Interplay of characters, a debate on how real and fake art can be.
What is the plot/story of THE FAKIR OF VENICE?
Adi (Farhan Akhtar) is a production guy who can deliver anything on sets, from pink monkeys to white elephants. Adi is a fixer an Indo-Anglian who wishes to settle abroad and leave India. Adi gets the opportunity to visit one of the most beautiful cities in the world Venice through an Italian art gallery for a requirement of an Indian sadhu (saint/sage) for an exhibition in Venice. Adi hunts for his sadhu takes him to the ghats of Varanasi to the beaches of Mumbai here he meets a less privileged and victim of communal violence Sattar (Annu Kapoor) who has the unique ‘art’ of burying himself in sand for hours – a feat impossible for normal human beings. A plan is made and a deal is struck. What follows is interplay of perceptive, a conflict of ideas, between these two different individuals representing different worlds, united by need and greed and how these two characters learn from each other.
Anand Surapur’s movie even after ten years seems apt in its concept. The brilliant Cannes Palme d’Or (2017) knock out THE SQUARE by Ruben Ostlund’s showcased the mockery of art in today’s world had some seeds of this idea which got brilliantly explored and it penetrated into other levels as well. Anand Surapur’s THE FAKIR OF VENICE is interesting and paradoxically quirky in its title. A smart one which acts a metaphor somewhere that reminds of William Shakespeare ‘s THE MERCHANT OF VENICE which has nothing much to do with the masterpiece, but helps in changing the perception as the movie ends. The intelligence in commenting on the adage that certain art needs to be explained is smartly used. Farhan Akhtar fits perfectly in the role of Adi and Annu Kapoor gives another example of his brilliance.

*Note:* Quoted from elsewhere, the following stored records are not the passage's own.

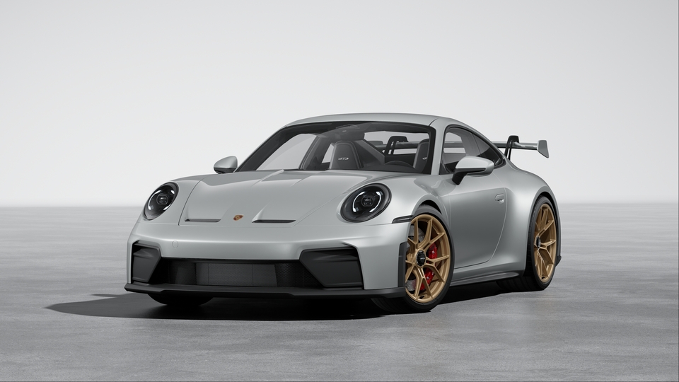 经过重量优化、带中央锁止装置的锻造轻合金车轮,采用一体式造型和银色涂漆,中央锁止装置为黑色 (缎光),包含带 GT3 标志的车轮中心盖以及带中央锁止装置的防盗保护装置
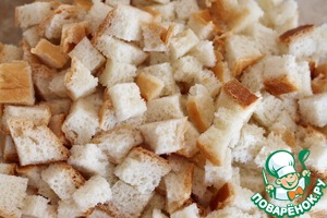 Батон нарезать мелкими кубиками, залить теплым молоком, дать постоять 10 минут.
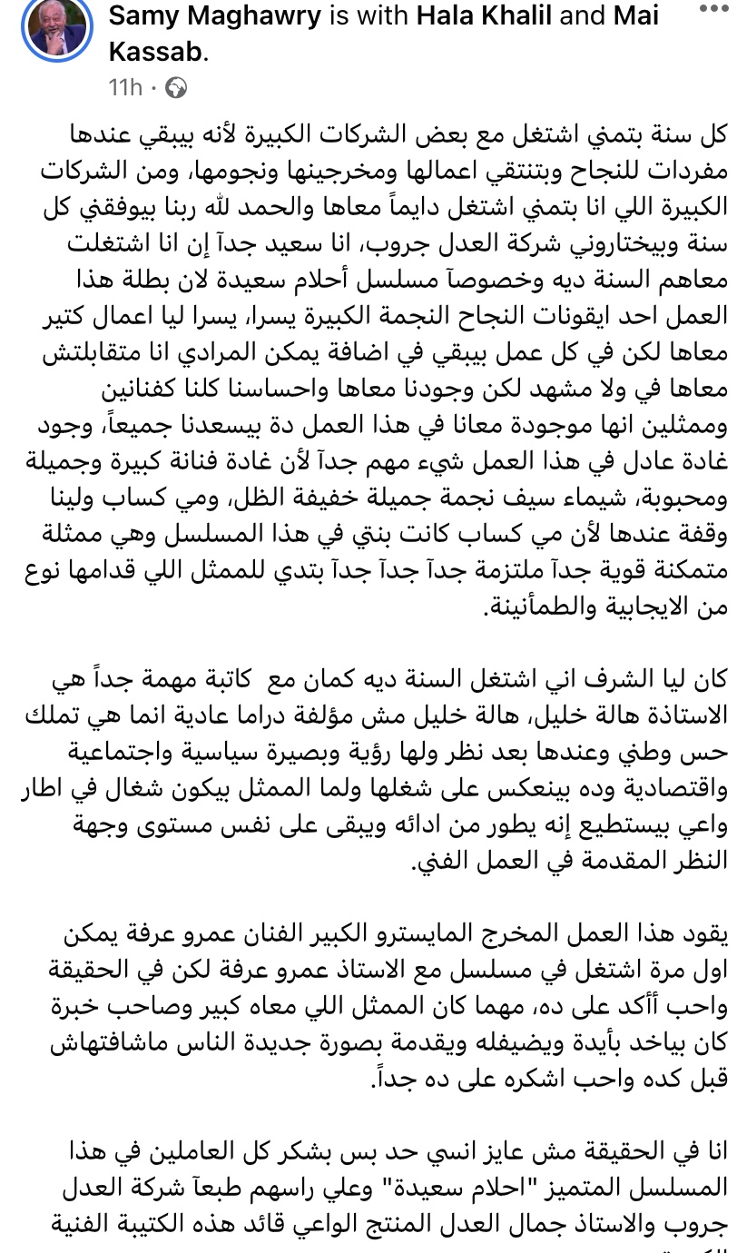 وكتب سامى مغاورى عبر حسابه بموقع التواصل الاجتماعي فيسبوك: "كل سنة بتمني اشتغل مع بعض الشركات الكبيرة لأنه بيبقي عندها مفردات للنجاح وبتنتقي أعمالها ومخرجينها ونجومها، ومن الشركات الكبيرة اللي أنا بتمني اشتغل دايماً معاها والحمد لله ربنا بيوفقني كل سنة وبيختاروني شركة العدل جروب".

Right in the middle, the writer Rajesh Devraj and director Anand Surapur struggle to maintain the satirical hook and start searching for the ‘fix’ like the character of Annu Kapoor who goes mad for his craving for alcohol. The picturesque paradise of Venice is hardly explored, budget might be the constrain but it harms the concept as it stops the forming of layers. The idea could have travelled further and commented on religion, spirituality as well but it seems to be happy in showing the conflict between Adi and Sattar. The popular 90’s veejay model Kamal Sidhu is wasted.
THE FAKIR OF VENICE may not have been able to exploit the universal appeal it had in its concept – the debate on how fake and real art can be with an insight on humanity, religion and spirituality. Anand Surapur sticks to an interesting interplay of characters to say a story that can mostly appeal to the Indian niche audience and not the global aficionados worldwide. Still THE FAKIR OF VENICE which could have been the debut of Farhan Akhtar as an actor and Anand Surapur as a filmmaker is steady and assured in its believe which does opens the gate for a debate.